In 1957, the destroyer again deployed to the Mediterranean. Departing the east coast in late October, she arrived at Gibraltar at the end of the month and continued on. On 8 November she transited the Suez Canal and until mid-December operated in the Red Sea, Persian Gulf, Indian Ocean area. She then retransmitted the Canal, and remained with the 6th Fleet until 16 February 1958.
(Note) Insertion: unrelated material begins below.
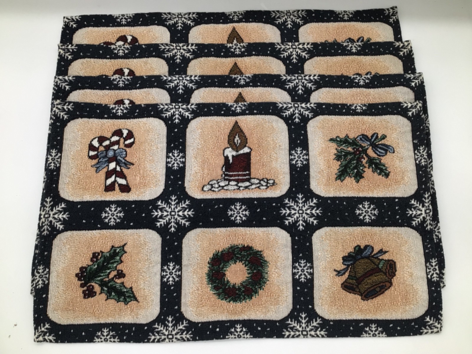 Add festive charm to your holiday dining with this set of 4 woven Christmas placemats. Featuring classic holiday motifs including a wreath, holly, bells, candy cane, candle, and greenery, all framed with snowflakes on a dark background. Perfect for Christmas dinners, holiday parties, or everyday seasonal decor.
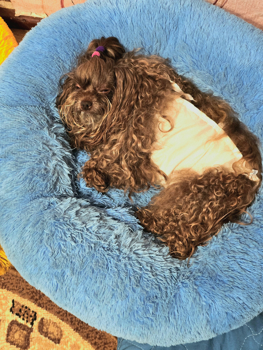 К сожалению, мои девочки с возрастом всё тяжелее переносят наркоз. В первый день Аля была сильно заторможенная, вялая, старалась сидеть, а не ложиться, видно было, что ей больно двигаться, но поела с аппетитом, попила, и я успокоилась. Категорически не хотела гулять... Я бы оставила её дома, но она будет терпеть полночи, пока решится сходить на пелёнку. Все мои собаки приучены делать свои дела на улице, мы гуляем 2 раза в день в любую погоду. И переломить эту многолетнюю привычку болонкам тяжело, особенно Алечке, она у меня самая ответственная. Но на улице, на удивление, Аля приободрилась, оживилась, начала нюхаться! Сердце радовалось! По лестнице туда и обратно я несла ее на руках, что тоже являлось непростой задачей, так как швы и на боку, и на животе. Следующее утро началось с традиционного выпрашивания вкусняшки, Аля принимала активное участие, двигалась намного легче! Я начала испытывать робкую надежду, что всё закончится хорошо..

Ross returned to Norfolk 5 March 1959. During the summer, she conducted her last summer cruise to Northern Europe. Into the summer she remained on the east coast. In July she operated in the Key West-Guantanamo Bay area and in August she departed Norfolk for Beaumont, Tex., and inactivation.

==Fate==
In reserve from 10 August, Ross was decommissioned on 6 November 1959. The ship was stricken from the Naval Vessel Register 1 December 1974. She was sunk as a target off Puerto Rico 26 January 1978.

== Awards ==
Ross (DD-563) earned five battle stars during World War II.